[[ Provided records, beginning ]]

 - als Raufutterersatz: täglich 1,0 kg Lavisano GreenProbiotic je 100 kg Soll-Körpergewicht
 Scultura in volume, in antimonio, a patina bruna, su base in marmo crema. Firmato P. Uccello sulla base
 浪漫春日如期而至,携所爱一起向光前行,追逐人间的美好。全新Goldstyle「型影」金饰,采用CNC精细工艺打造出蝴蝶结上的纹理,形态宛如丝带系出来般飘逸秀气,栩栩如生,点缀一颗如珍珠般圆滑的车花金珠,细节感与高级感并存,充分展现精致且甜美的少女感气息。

[[ Provided records, end ]]
[[ Provided records, beginning ]]

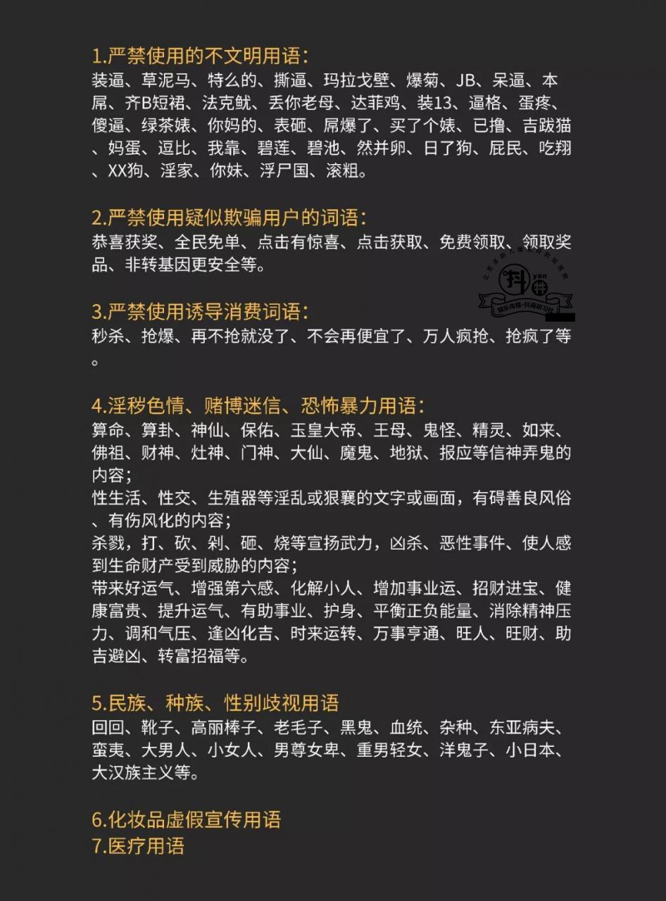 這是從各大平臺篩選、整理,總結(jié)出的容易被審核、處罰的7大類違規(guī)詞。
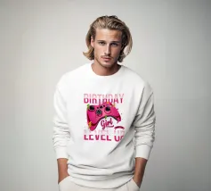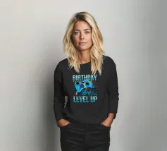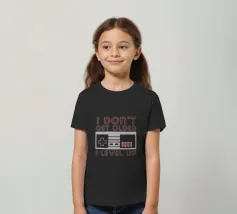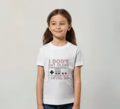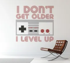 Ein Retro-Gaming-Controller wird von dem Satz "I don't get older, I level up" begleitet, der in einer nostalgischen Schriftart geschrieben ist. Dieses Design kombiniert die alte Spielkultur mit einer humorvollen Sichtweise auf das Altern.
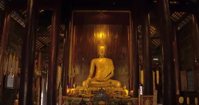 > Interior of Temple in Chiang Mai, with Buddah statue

[[ Provided records, end ]]
[[ Provided records, beginning ]]

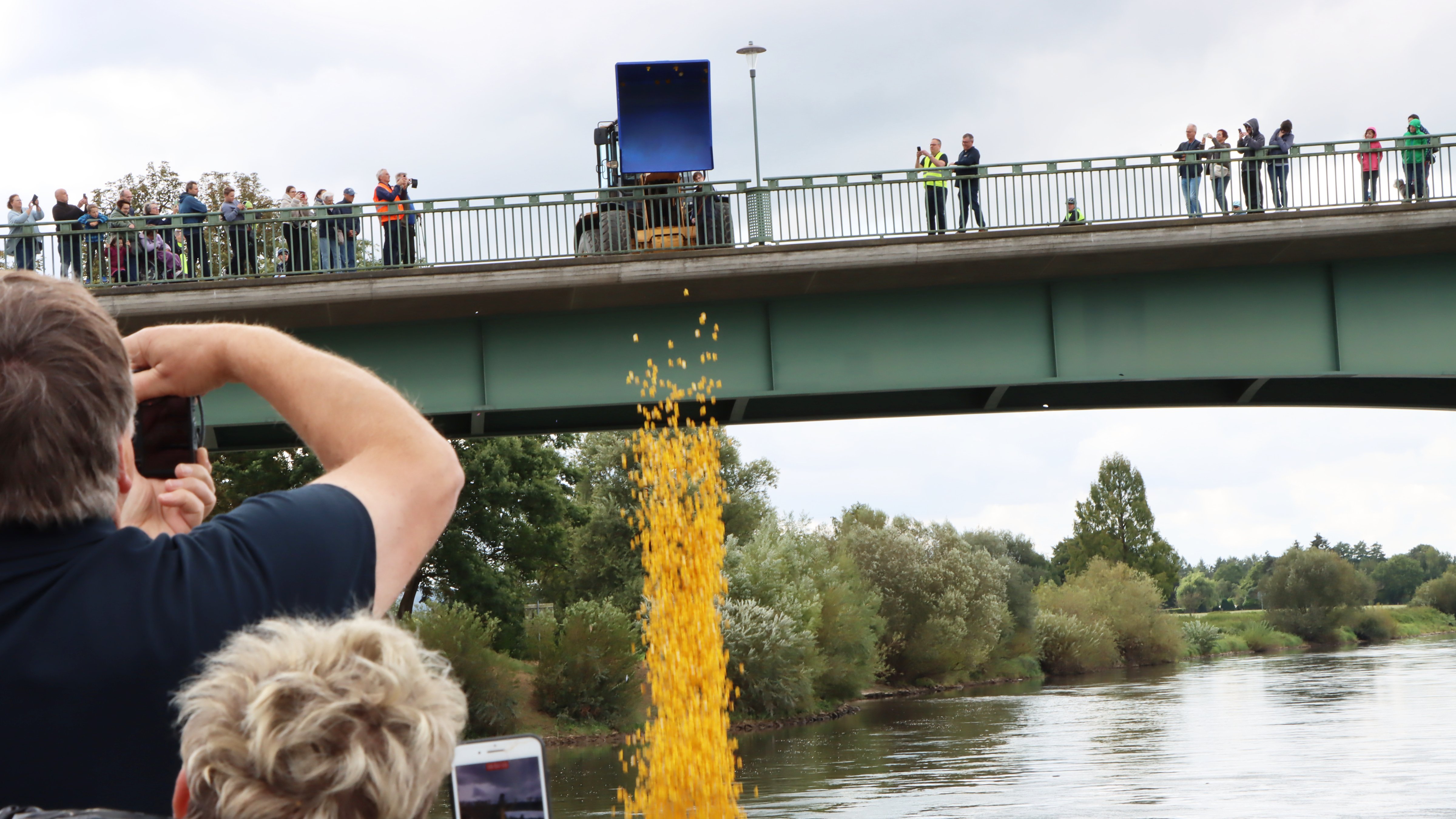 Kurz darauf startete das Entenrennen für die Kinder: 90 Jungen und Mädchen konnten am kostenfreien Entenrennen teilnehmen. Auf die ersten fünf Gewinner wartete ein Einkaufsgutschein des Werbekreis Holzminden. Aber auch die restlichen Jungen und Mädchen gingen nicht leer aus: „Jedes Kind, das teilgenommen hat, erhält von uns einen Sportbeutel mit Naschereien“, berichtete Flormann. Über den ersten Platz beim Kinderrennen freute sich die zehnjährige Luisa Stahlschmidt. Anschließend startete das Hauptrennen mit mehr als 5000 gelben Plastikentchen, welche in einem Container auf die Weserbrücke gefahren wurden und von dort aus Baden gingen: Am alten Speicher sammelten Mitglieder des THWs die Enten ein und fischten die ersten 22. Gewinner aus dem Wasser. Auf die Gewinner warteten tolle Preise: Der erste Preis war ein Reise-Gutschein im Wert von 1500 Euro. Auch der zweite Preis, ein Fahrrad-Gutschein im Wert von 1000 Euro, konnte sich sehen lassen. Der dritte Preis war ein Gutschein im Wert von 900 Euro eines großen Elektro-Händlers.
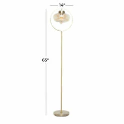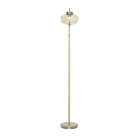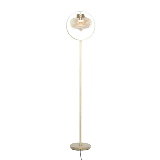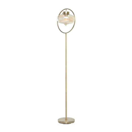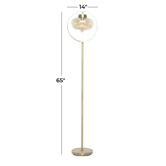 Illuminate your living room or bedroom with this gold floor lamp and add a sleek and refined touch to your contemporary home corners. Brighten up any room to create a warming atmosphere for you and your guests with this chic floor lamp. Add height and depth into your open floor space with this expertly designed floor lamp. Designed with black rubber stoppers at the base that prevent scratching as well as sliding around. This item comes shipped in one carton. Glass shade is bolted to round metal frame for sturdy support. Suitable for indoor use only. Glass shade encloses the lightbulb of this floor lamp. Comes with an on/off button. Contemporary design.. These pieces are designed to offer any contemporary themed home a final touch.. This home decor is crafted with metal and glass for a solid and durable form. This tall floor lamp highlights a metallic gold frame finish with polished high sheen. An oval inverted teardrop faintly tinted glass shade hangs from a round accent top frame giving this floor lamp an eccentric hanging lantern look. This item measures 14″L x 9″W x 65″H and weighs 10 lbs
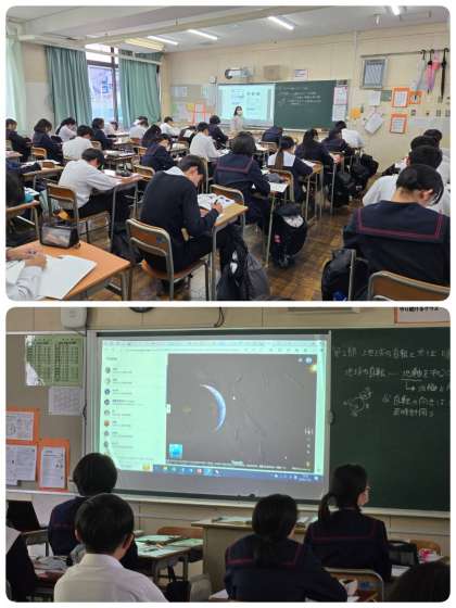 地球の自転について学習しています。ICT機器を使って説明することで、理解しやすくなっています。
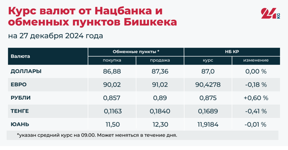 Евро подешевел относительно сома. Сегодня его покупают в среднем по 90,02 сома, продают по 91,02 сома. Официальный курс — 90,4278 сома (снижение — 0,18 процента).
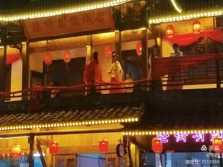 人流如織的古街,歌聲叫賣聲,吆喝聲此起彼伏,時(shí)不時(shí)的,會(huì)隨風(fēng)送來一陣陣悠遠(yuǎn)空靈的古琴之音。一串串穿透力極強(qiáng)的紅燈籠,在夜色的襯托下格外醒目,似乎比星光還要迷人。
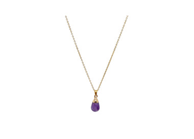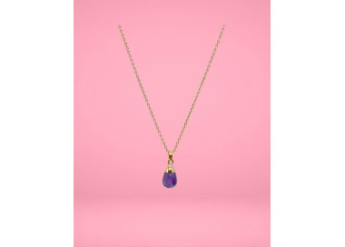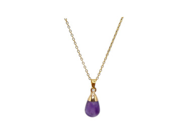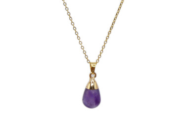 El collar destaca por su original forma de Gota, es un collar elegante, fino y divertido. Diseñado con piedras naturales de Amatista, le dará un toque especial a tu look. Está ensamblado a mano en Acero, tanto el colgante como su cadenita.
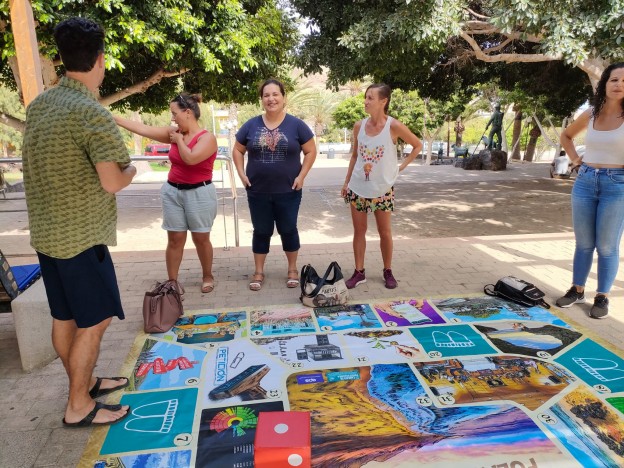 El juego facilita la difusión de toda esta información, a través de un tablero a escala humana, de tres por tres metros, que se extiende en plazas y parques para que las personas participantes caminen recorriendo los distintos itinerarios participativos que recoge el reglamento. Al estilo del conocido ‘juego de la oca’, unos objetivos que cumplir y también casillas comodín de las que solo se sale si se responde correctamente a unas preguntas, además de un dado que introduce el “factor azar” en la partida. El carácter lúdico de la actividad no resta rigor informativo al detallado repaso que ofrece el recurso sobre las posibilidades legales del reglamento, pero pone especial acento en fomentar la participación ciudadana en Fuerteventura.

[[ Provided records, end ]]

Set down, exactly as they appear above, all lines from the one that has "- als Raufutterersatz: täglich" down to the one that has "Scultura in volume, in", including those two and no others.

**Solution:**
 - als Raufutterersatz: täglich 1,0 kg Lavisano GreenProbiotic je 100 kg Soll-Körpergewicht
 Scultura in volume, in antimonio, a patina bruna, su base in marmo crema. Firmato P. Uccello sulla base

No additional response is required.